(Collected data)
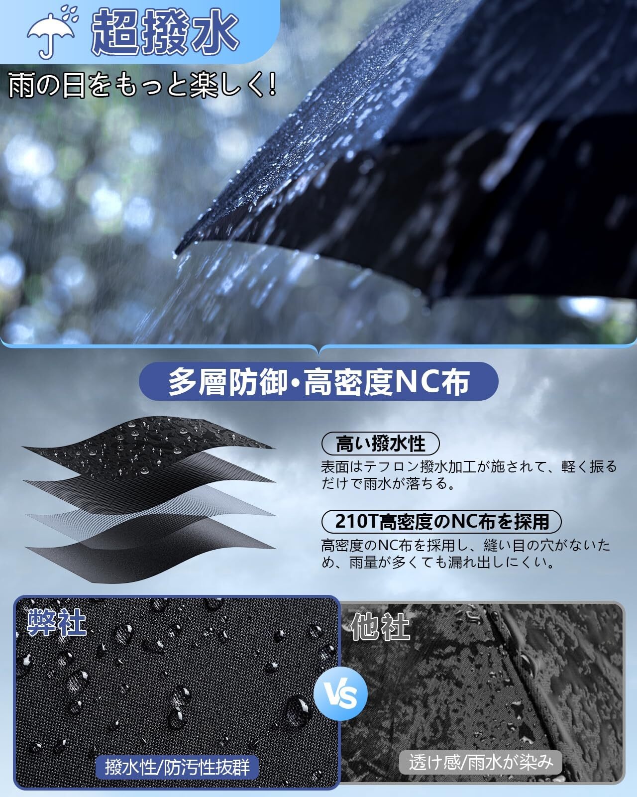 【10本骨強化型&強風耐久性】新作晴雨兼用傘が遂に登場しました!これは男性の要望に応えた究極のメンズ傘です。柔軟性と強度を兼ね備えた10本骨を採用し、通常の8本骨を持つ傘と比較して、風に対する耐性と耐久性が向上しています。さらに、錆びにくい防食加工が施された傘のフレームは非常に頑丈で、強風や激しい雨にも耐えることができ、折れたり曲がったりしにくい設計です。
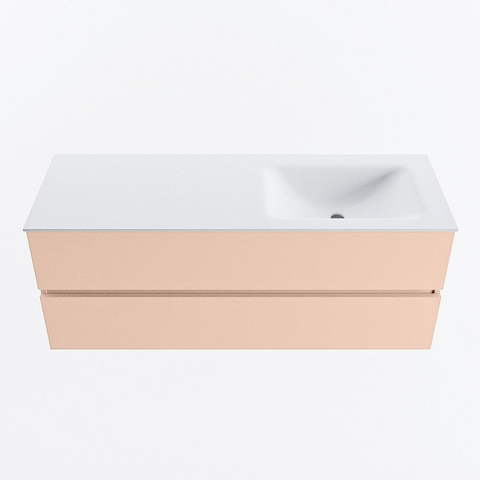 MONDIAZ VICA Badkamermeubelset - 130cm - onderkast rosee- 2 lades - wastafel cloud rechts - zonder kraangaten - 60cm hoge versie - talc
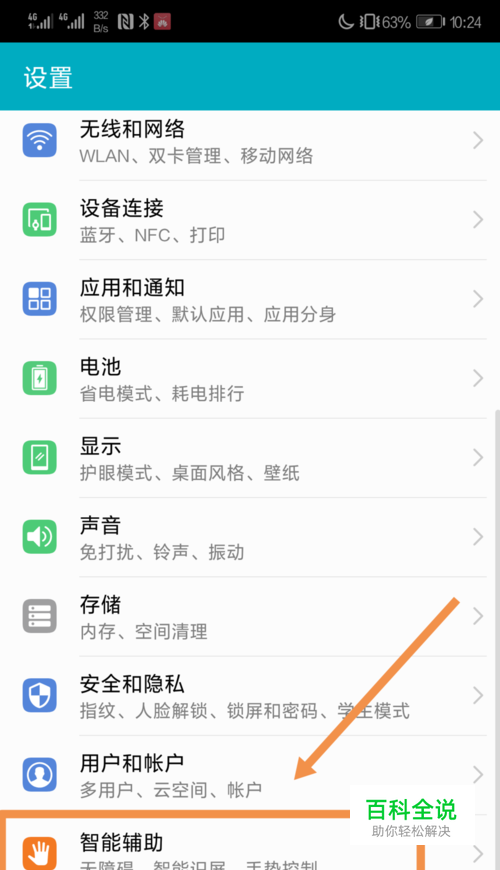 在“设置”中找到下方的“智能辅助”选项,并点击进入该选项。
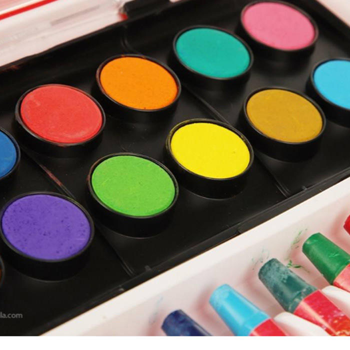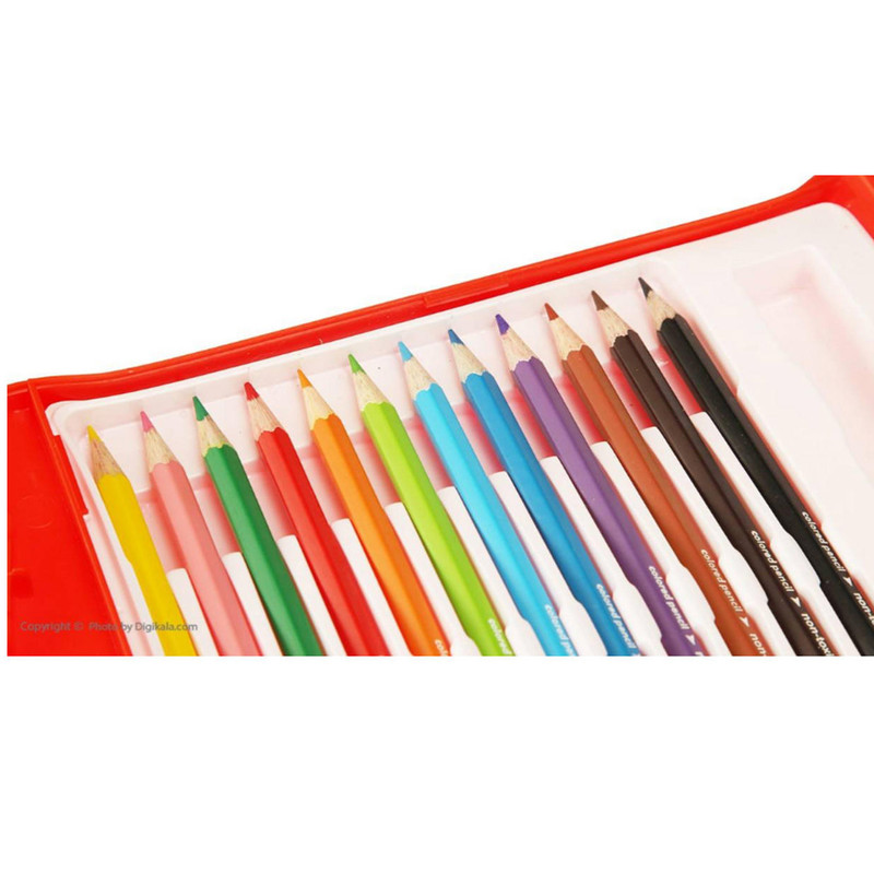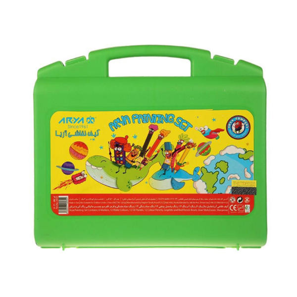 اقلام همراه | - 12 عدد مداد رنگی - 12 عدد پاستل - 12 عددابرنگ - 6 عدد ماژیک - یک عدد مداد مشکی - یک عدد مداد قرمز - دو عدد مداد تراش - یک عدد پاک کن - یک عدد قلم مو گواش - یک عدد چسب ماتیکی |
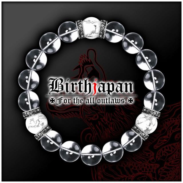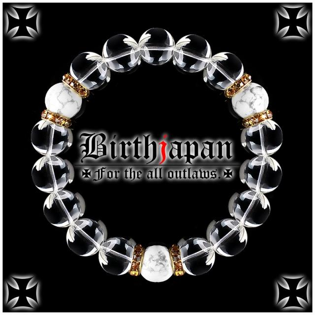 12mm ロンデル×水晶 ハウライト数珠ブレスレット メンズ開運祈願パワーストーン ヤクザやくざチョイ悪オラオラ系悪羅悪羅系 悪党の店 バースジャパン BIRTHJAPAN
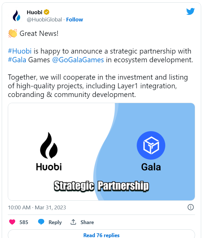 Huobi Global also took to Twitter to underscore the importance of its partnership with Gala Games as part of its commitment to the development of the Web3 ecosystem. The community has expressed support for the partnership, citing the advantages of the Layer-1 blockchain.
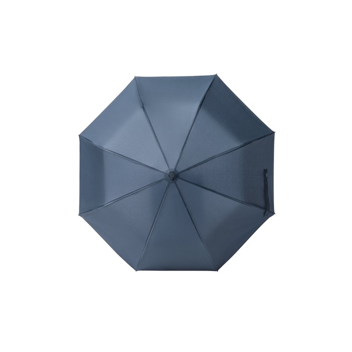 Guarda-chuva dobrável com varetas de fibra de vidro e cabo de metal. Inclui saco em RPET. Um produto adequado para ter à mão em eventos no exterior.
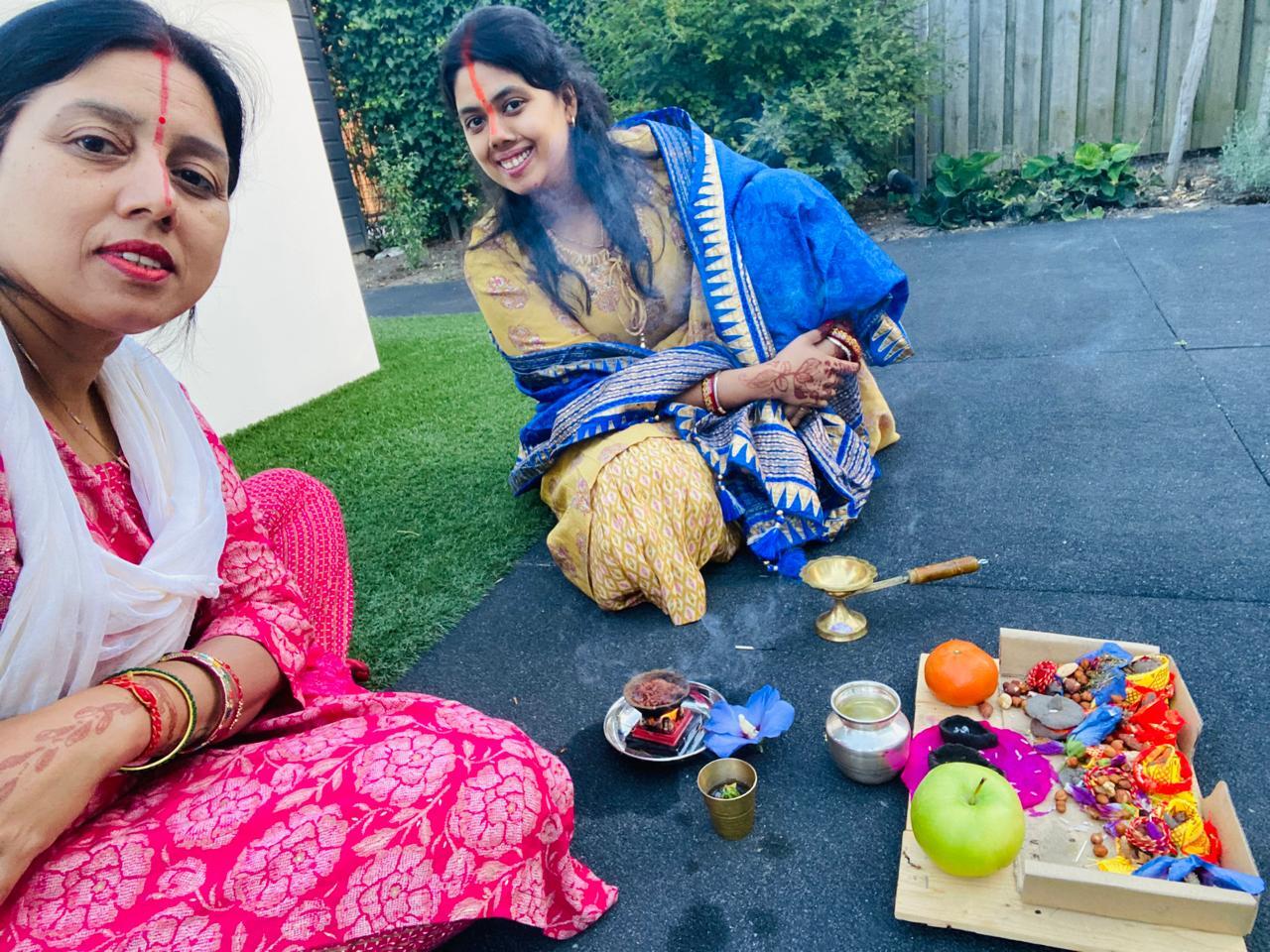 विदेश में रहकर अमोला देश के हर पर्व-त्योहार को उत्सव पूर्वक मनाती हैंफोटो- नीदरलैंड्स में तीज करतीं अमोला और उनकी मां प्रियंका.
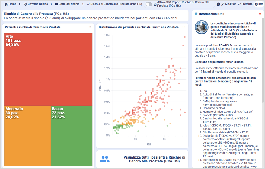 6. Inserimento nella sezione Carte del Rischio del nuovo score PCa-HS Score che permette di stimare il rischio di Cancro alla Prostata a 5 anni nei pazienti di età >= 45 anni.
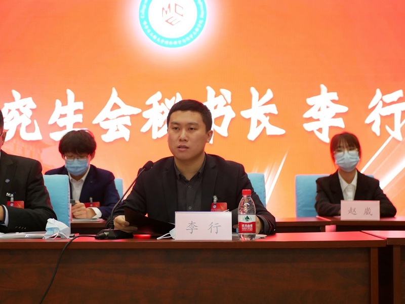 研究生会委员会秘书长李行讲话,向各位新当选的委员和主席团成员表示热烈的祝贺,向各位委员和主席团成员提出三点希望:
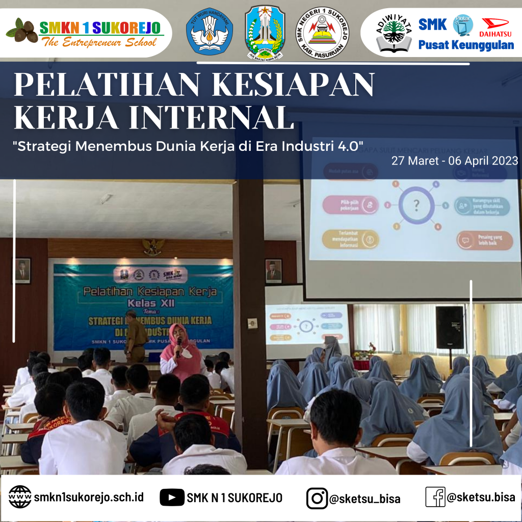 Sukorejo, 27 Maret 2023 SMK Negeri 1 Sukorejo melaksanakan Pelatihan Kesiapan Kerja untuk kelas XII.
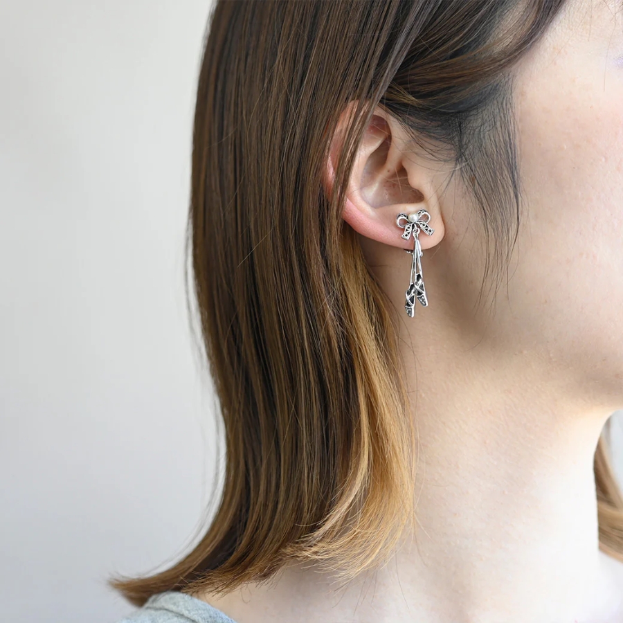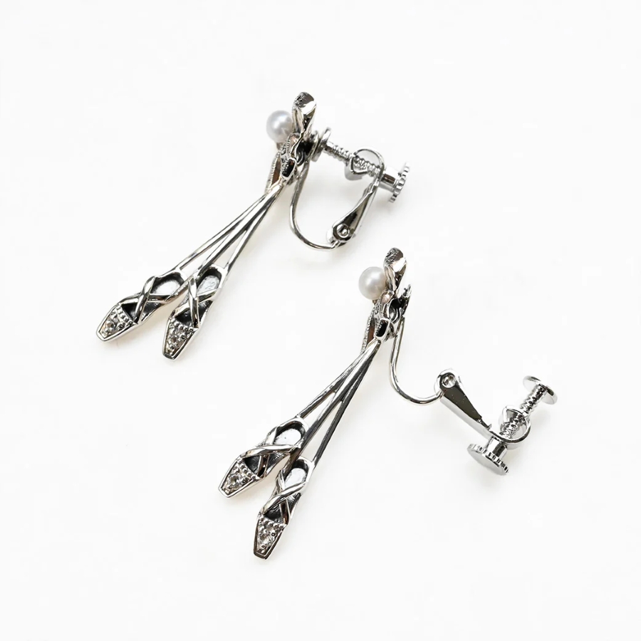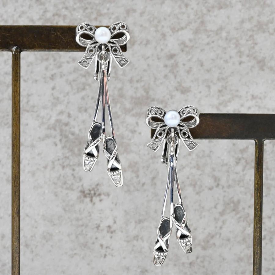 【204E0752-WTF】SV パール 夢みる踊り子のリボン&トゥシューズ イヤリング/ピアス

- Your objective: The stretch to restate runs from the line above containing "Guarda-chuva dobrável com" through the line containing "6. Inserimento nella". Copy it word for word, ends included, without pictures.

- Reply:
 Guarda-chuva dobrável com varetas de fibra de vidro e cabo de metal. Inclui saco em RPET. Um produto adequado para ter à mão em eventos no exterior.
 विदेश में रहकर अमोला देश के हर पर्व-त्योहार को उत्सव पूर्वक मनाती हैंफोटो- नीदरलैंड्स में तीज करतीं अमोला और उनकी मां प्रियंका.
 6. Inserimento nella sezione Carte del Rischio del nuovo score PCa-HS Score che permette di stimare il rischio di Cancro alla Prostata a 5 anni nei pazienti di età >= 45 anni.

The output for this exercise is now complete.